Based on the hybrid architecture and the proposed labeling function, the high channel and the low channel sub networks are formed as shown in the Fig. 3(b) and Fig. 3(c), respectively. For this architecture, the high channel sub network for each layer contains all of the directional common channels with the nodes labeled from 0 to K-1 and the low channel sub network contains all of the directional common channels with the nodes labeled from K-1 to 0, where K is the number of nodes per layer. In our representation style, for instance, D2 (7) indicates the destination node labeled 7 at the layer 2. Similarly, 72 represent the node labeled 7 at the layer 2.

## 3.1. Partitioning Algorithm

The partitioning method plays a key role when implementing a multicast routing algorithm. The partitioning is the process of preparing a multicast message for being sent from a source node to a set of destination nodes. In Hamiltonian model, depending on the location of the source node, the partitioning method splits the network into sub networks and prepares a well-structured multicast message for each partition. Partitioning policy can considerably reduce the network latency by dividing the network into balanced partitions as well as reducing the number of identical injected packets from a source node (startup latency). Our proposed partitioning algorithm for the 3D NoC-Bus Hybrid architecture is based on dividing the destination set (*D*) into two disjoint groups (*DU* and *DL*) depending upon the location of the source node (*S*) in accordance with Algorithm1. *DU* contains the destination nodes which have a higher label than that of the source node. Similarly, *DL* consists of the destination nodes which have a lower label than that of the source node. Then, the destination nodes in *DU* and *DL* are sorted in ascending and descending orders, respectively. Finally, two messages, one including the sorted *DU* and one including the sorted *DL* in their headers, will be sent from the source node to the destination nodes using the high channel and low channel sub networks, respectively. Since in our labeling method, the labels as such are not unique, if



**Figure3.** The proposed Hamiltonian labelling of a  $4\times4\times3$  mesh-based 3D NoC-Bus Hybrid architecture (horizontal solid lines: Hamiltonian path, vertical solid lines: interlayer buses, equidistant lines: auxiliary links)
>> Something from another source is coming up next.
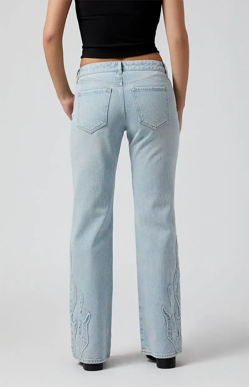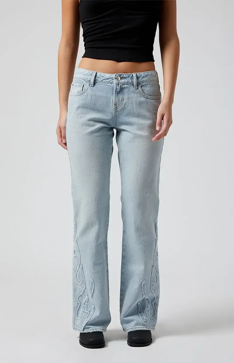 Jade Low Rise Bootcut Jeans Flames Light Indigo

Some destination nodes have the same labels, then they are locally sorted based on their layer IDs. In the local sorting process, there is an exception that if the destination node is located in the same layer with the source node, it will come first. The reason is that a destination node with the same layer ID as a source node is visited before a multicast message is transmitted to the connected vertical bus. As will be shown in the following, our customized labeling and partitioning methods for the 3D NoC-Bus Hybrid architecture can help achieve significant performance improvements for multicasting over the conventional 3D NOC architectures.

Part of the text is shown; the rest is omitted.